In November the corps returned to the 3rd Air Army and participated in the Smolensk operation, the Nevel Offensive, and the winter 1943–1944 Polotsk and Gorodok offensives over eastern Belarus. In June 1944 the corps was transferred to the 1st Air Army of the 3rd Belorussian Front, participating in the liberation of Belorussia and Latvia, covering the troops of the front in the Vitebsk–Orsha offensive, the Minsk offensive, and the Vilnius offensive. For its successful completion of assigned tasks in the battles for the liberation of Minsk the corps received the name of that city as an honorific. In July 1944 the corps was transferred back to the 3rd Air Army, now under the 1st Baltic Front, with which it participated in the Šiauliai offensive, the Baltic offensive, and the East Prussian offensive. During April and May 1945 the corps fought in the Berlin Offensive as part of the 16th Air Army of the 1st Belorussian Front.

In 1945 it had:
- 3rd Guards Fighter Aviation Division (Ludwigslust, Germany)
- 4th Guards Fighter Aviation Division (Werder, Germany) (64th, 65th, and 66th Guards Fighter Aviation Regiments, 3 April 1945)

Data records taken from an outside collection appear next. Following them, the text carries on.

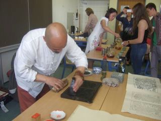 Zur selben Zeit ließ der Kunstdruckmeister die Schüler ihre eigenen Kunstwerke erstellen: Tinte auf die Holzunterlage auftragen, das Papier gerade darauflegen und mithilfe eines schwammartigen Instruments zusammenpressen. Die Hauptarbeit an dieser Technik, das Schnitzen feiner Konturen in das Holz nur mit einem Messer, ersparte der Meister unseren Schülern.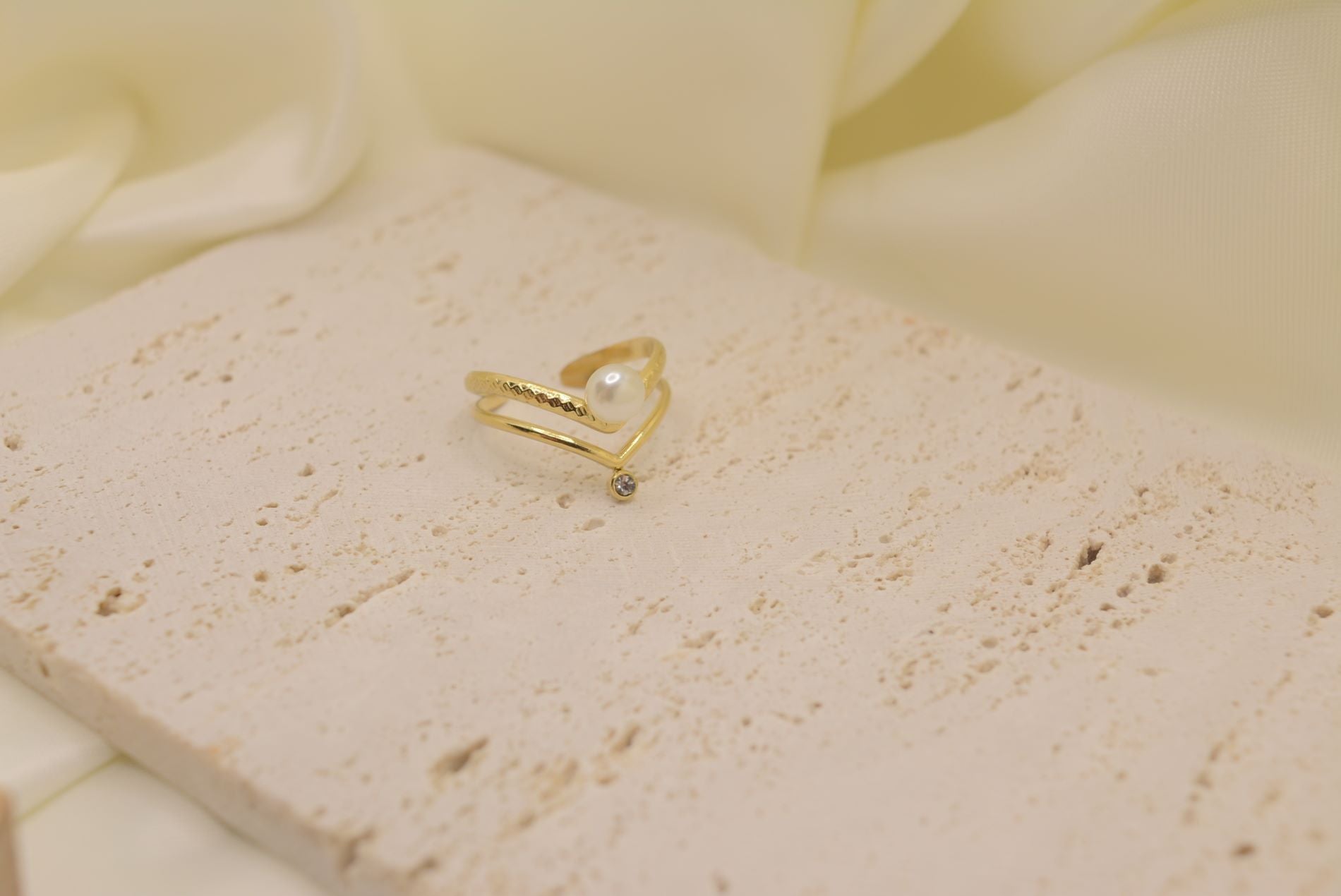 La bague Lydia est un accessoire élégant et polyvalent qui apportera une touche de glamour à votre look. Fabriquée en acier inoxydable, elle est durable et résistante à l'usure. Son design double V avec une perle et des strass ajoutent une touche de sophistication à cette bague ajustable. Parfaite pour toute occasion, elle sera un ajout précieux à votre collection de bijoux.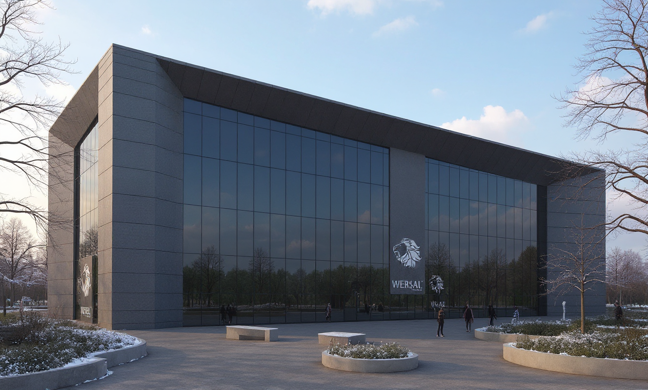 develop the area in front of the office building add concrete benches modern small architecture and decorative low greenery less grass more low ornamental greenery and a few trees modern style architectural concrete add people and ornamental trees winter view add more snow and people summer sunrise do not change the appearance of the building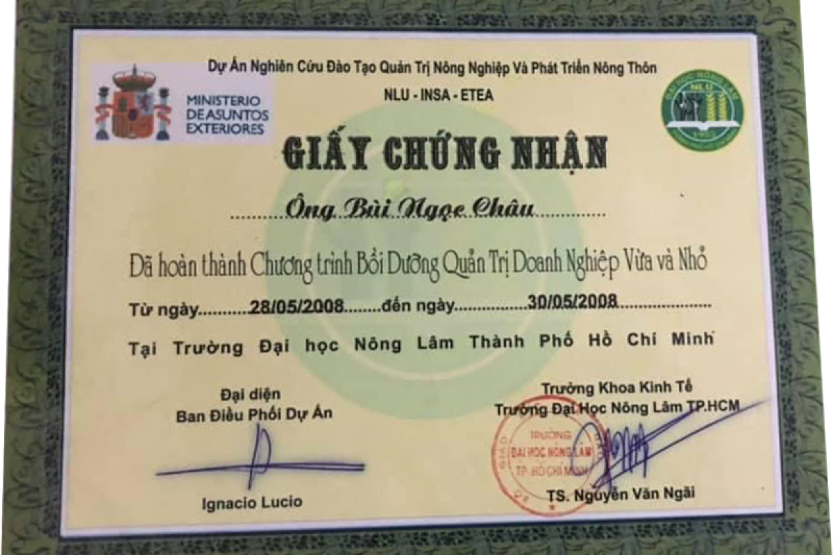 Giấy Chứng Nhận Ông Bùi Ngọc Châu Đã Hoàn Thành Chương Trình Bồi Dưỡng Quản Trị Doanh Nghiệp Vừa và Nhỏ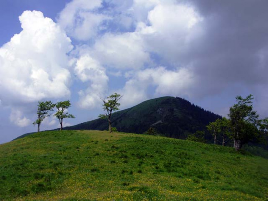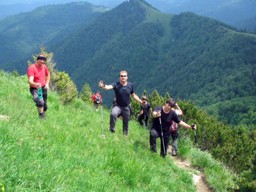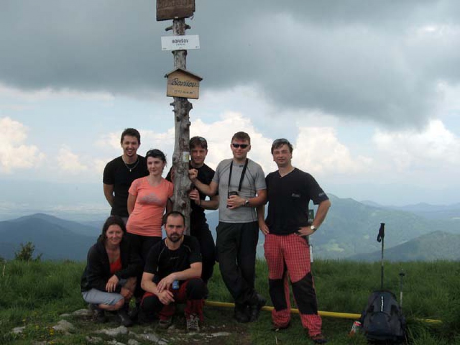 Vystúpili sme vo Vyšnej Revúcej, každá dvojica obdržala mapu (tentoraz ozajstnú, papierovú) a hor sa do hôr. Vytvorené skupinky sa cestou premiešavali podľa toho, komu ako zlyhávala kondička, lebo cesta na vrchol bola síce kratšia ako z Teplickej strany, ale o to strmšia. Prvý dlho očakávaný vrchol (turistický) Chyžky sme dosiahli s dobrou časovou rezervou. Nehorázny stupák. Chvíľa oddychu po hrebeni a popod Plosku, ktorú si nechávame ako bonus na koniec trasy, sa pomedzi ovce predierame k chate pod Borišovom. Tu sa podaktorí posilňujú, no ja keď vidím, čo ma čaká, radšej stúpam pomaly ďalej. Bože, to prevýšenie na konci je neskutočné, myslela som, že budem tesne pred vrcholom volať o pomoc. Ale našťastie sme to všetci, ktorí sa na ten výstup dali, dokázali - dokonca aj Dedo, ktorý nadával podstatne viac ako ja - sa ocitol na Borišove 1.510 m. n. m s krásnym výhľadom. Povinný oddych, pivo a svačinka na chate sú samozrejme sprevádzané vtipmi, historkami a smiechom. To je to, čo mám okrem výhľadu na turistike najradšej.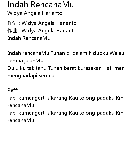 | Indah rencanaMu Tuhan di dalam hidupku Walau ku tak tahu dan ku tak mengerti semua jalanMu | |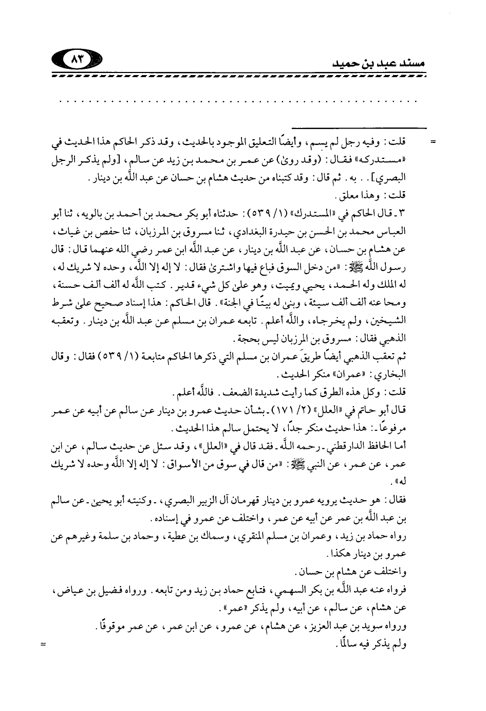 = قلت: وفيه رجل لم يسم، وأيضا التعليق الموجود بالحديث، وقد ذكر الحاكم هذا الحديث في "مستدركه" فقال: "وقد روى" عن عمر بن محمد بن زيد عن سالم، [ولم يذكر الرجل البصري] ... به. ثم قال: وقد كتبناه من حديث هشام بن حسان, عَنْ عَبْدِ اللَّهِ بْنِ دِينَارٍ.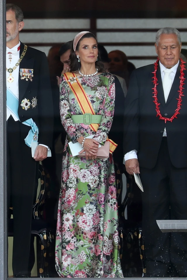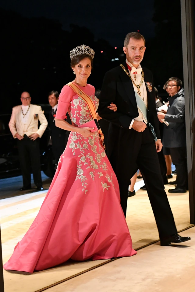 Letícia királyné egyszerűen lehengerlő volt magán a koronázási ceremónián, de az azt megelőző banketten is. A spanyol királyné a trónra emelésre egy gyönyörű, hosszú nagy virágmintás selyemruhában érkezett, ami a japán kultúra előtt tisztelgett, a gyémántékszerekkel és a rózsaszínű kiegészítőkkel egyszerűen pazar volt a megjelenése.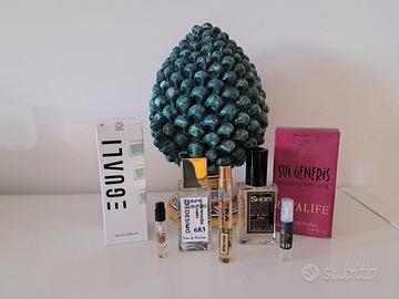 4 PROFUMI DI NICCHIA UNISEX (4 ISPIRAZIONI) TOM FORD – SOLEIL BLANC (EGUALI) 100 ml AMOUAGE – PORTRAYAL MAN (SHOBI) 30 ml MONTALE – STARRY NIGHTS (ROYAL LIFE) 50 ml OJAR – INFUSION VELOURS (MEDESIMO) 50 ml (OMAGGI ELDO – ARCHIVES 69 MANCERA – INDIAN DREAM, SIMONE ANDREOLI – SMOKE OF DESERT) SVENDO PER RINNOVO PROFUMI DELLA MIA COLLEZIONE (ALCUNI PIENI O CON POCHI ML EROGATI. VEDI FOTO) TRATTATI MANIACALMENTE AL BUIO E A TEMPERATURE IDONEE. I PROFUMI SONO DI ALTISSIMA QUALITÀ, PERSISTENZA, SOMIGLIANZA (DISPOSTO A SCAMBI) Tom Ford Soleil Blanc è una inebriante ambra solare floreale ravvivata da una seducente raffinatezza, che brama impunemente l’infinita ricerca del sole. Testa: Pistacchio, Bergamotto, Cardamomo e Pepe Rosa; Cuore: Tuberosa, Ylang Ylang e Gelsomino; Fondo: Cocco, Ambra, Fava Tonka e Benzoino. Montale Starry Nights, luminoso come una stella, il Bergamotto Calabrese si irraggia su un cuore floreale nel quale la Rosa Bulgara, riscaldata dalle note orientali del Patchouli di, si mescola con il Gelsomino Egiziano creando una scia di sulla pelle sensuale con note talcate. Amouage Potrayal Man trasmette la sensazione di avventura e di sregolatezza tipica degli Anni 20, avvolgendo chi lo indossa in un'atmosfera di eleganza e di raffinatezza unica. Testa: Foglie di Violetta. Cuore: Vetiver. Fondo: Cade. Ojar Infusion Velours, è un profumo orientale ambrato fruttato incentrato sul prezioso olio di Oud. Infusion Velours si ispira al velluto. Opulento e ricco, se dovessimo dargli un colore sarebbe il viola. Un accordo di Oud e frutti rossi che rende questa fragranza meravigliosamente intensa e sensuale. Testa: Pepe Nero, Cannella, Mora. Cuore: Lampone, Legno di Agar, Legno di Cedro. Fondo: Legno di Agar, Patchouly, Incenso.
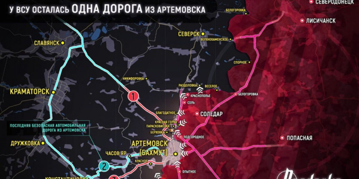 Основная стратегическая цель – оперативное окружение Артемовска, где находится около 20 бригад ВСУ и иностранных подразделений. Два из трех основных путей снабжения ВСУ уже под контролем РФ.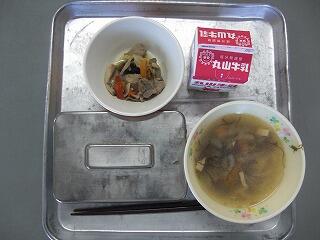 今日の献立は、「牛乳」「ご飯」「とりのからあげ」「ゆでブロッコリー」「すましじる」でした。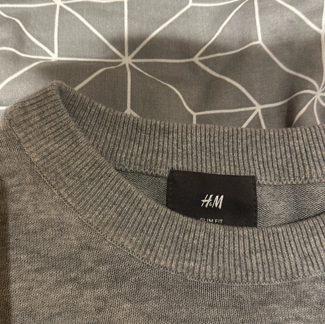 Säljer en stilren grå tröja från H&M i slim fit. Perfekt för både vardag och lite finare tillfällen. Tröjan är långärmad.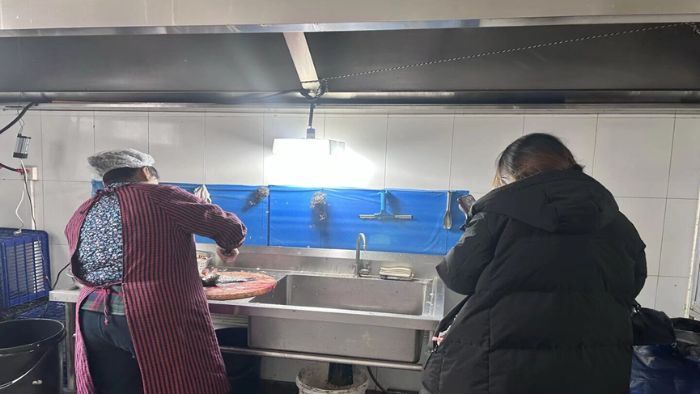 在新发饭店的拍摄现场,队员们的身影忙碌而专注。“选鱼必须是黄河口野生鲫鱼,肉质才够紧实;去黑膜要彻底,不然会影响汤的鲜味;慢炖得保持微沸,至少40分钟才能出味。”传承人一边演示,一边向队员们耐心讲解。为了完整记录每一个关键环节,队员们蹲守灶台旁近3个小时,反复调整拍摄角度,确保精准捕捉技艺细节。“这些手工技艺全靠口传心授,我们要用镜头把它完整保存下来,这是对非遗最好的尊重。”队长邢晨瑞说道。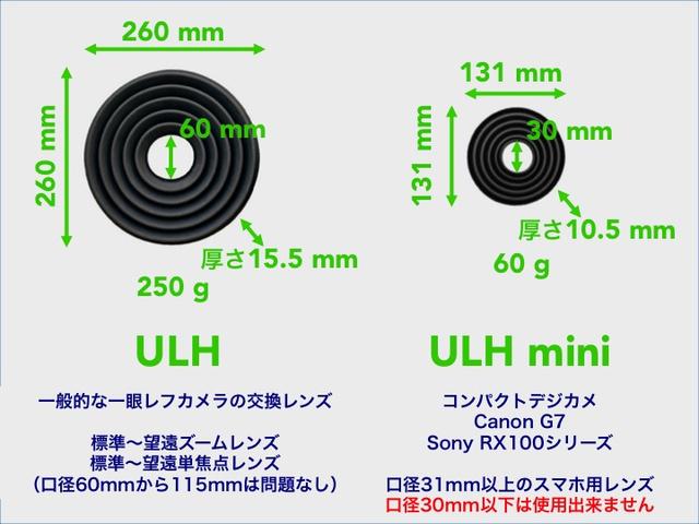 「レンズ先端にピントリングがあるレンズには、フードにULHを装着させた方が窓などに接着させた後でも、フォーカシングが容易です。」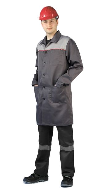 Халат с центральной застежкой на пуговицы, длинными рукавами с манжетами, на спинке шлица. Под кокеткой кант КРАСНЫЙ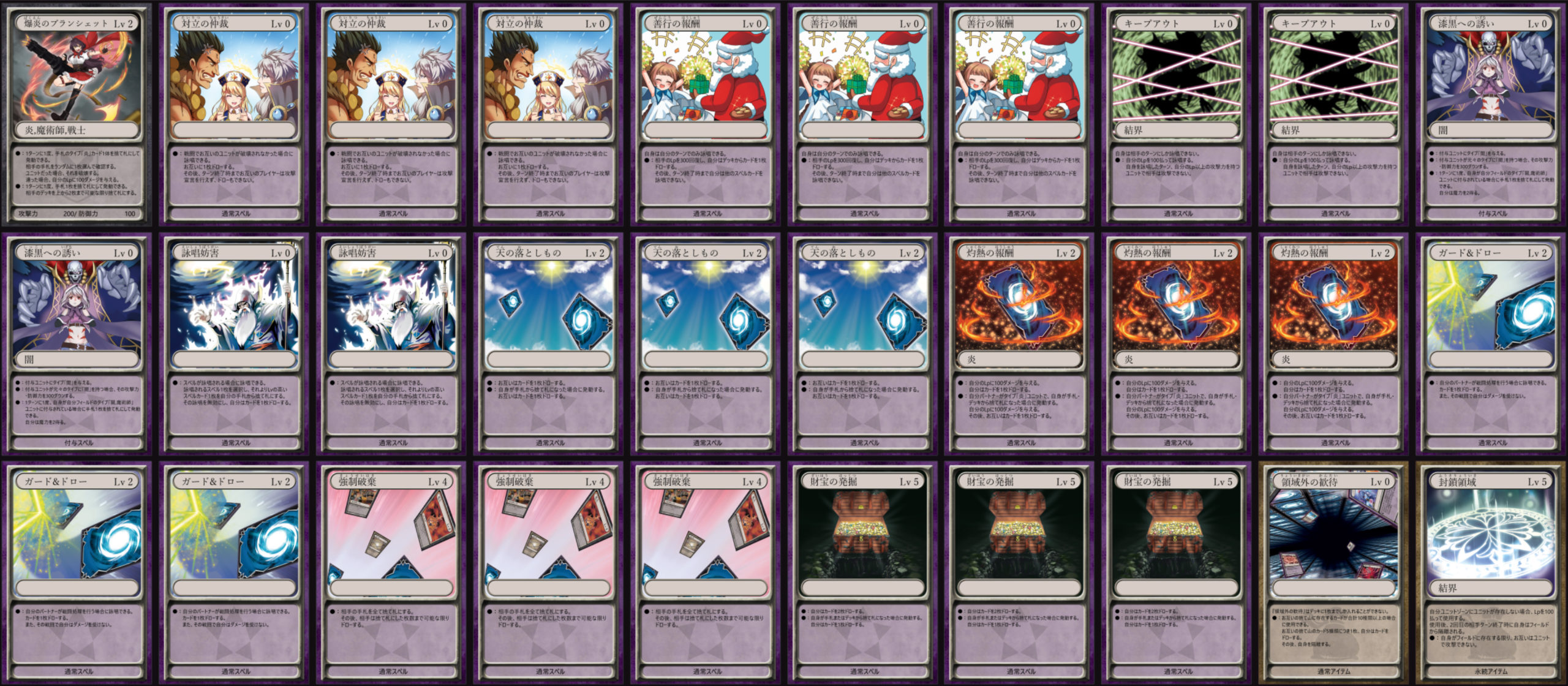 〈天落の邪神官 サン〉は小粒ユニットを処理するため、〈復讐の亡霊〉は捨て札に落ちても防御力を下げ〈ボルテック・センチピート〉の効果で破壊できるため採用。最近はLv1やLv2ユニットの展開も多いため、防御力を100下げる効果は優秀と判断。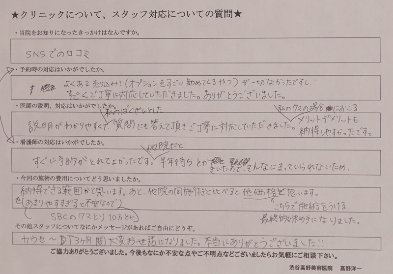 費用 •切らない目の下のたるみ取り(通常料金)270,000円(モニター料金)200,000円 •目の下の切らないたるみ取り+脂肪注入(通常料金)420,000円(モニター料金)340,000円 •ハムラ法(通常料金)460,000円(モニター料金)380,000円 •裏ハムラ法(通常料金)420,000円(モニター料金)340,000円 *別途 静脈麻酔 30,000円(税込)
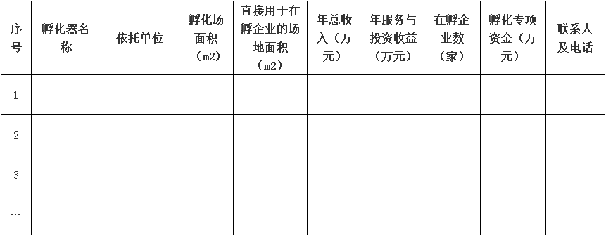 (一)各地科技主管部門要按照“省級以上高新區(qū)國家級科技企業(yè)孵化器(備案眾創(chuàng)空間)全覆蓋、各市、縣(市、區(qū))市級、省級科技企業(yè)孵化器(備案眾創(chuàng)空間)全覆蓋”的要求,加強科技孵化器的培育建設(shè),認真做好審核把關(guān)和推薦工作。

The corps was under the command of General Lieutenant of Aviation E.M. Beletsky.

In June 1945 the 240th Fighter Aviation Division in Oranienburg, Germany, was added to the corps.

The 3rd Guards Fighter Aviation Division left the corps in September 1948.

On 10 January 1949, a decree was issued renaming the formation the 61st Guards Fighter Aviation Corps. This took effect in February 1949. At the same time, its parent formation changed the designation from the 16th to the 24th Air Army.

The 131st Fighter Aviation Division arrived from Poland in October 1949 and joined the corps.

In 1980 the corps was disbanded by being re-designated a mobilization aviation corps.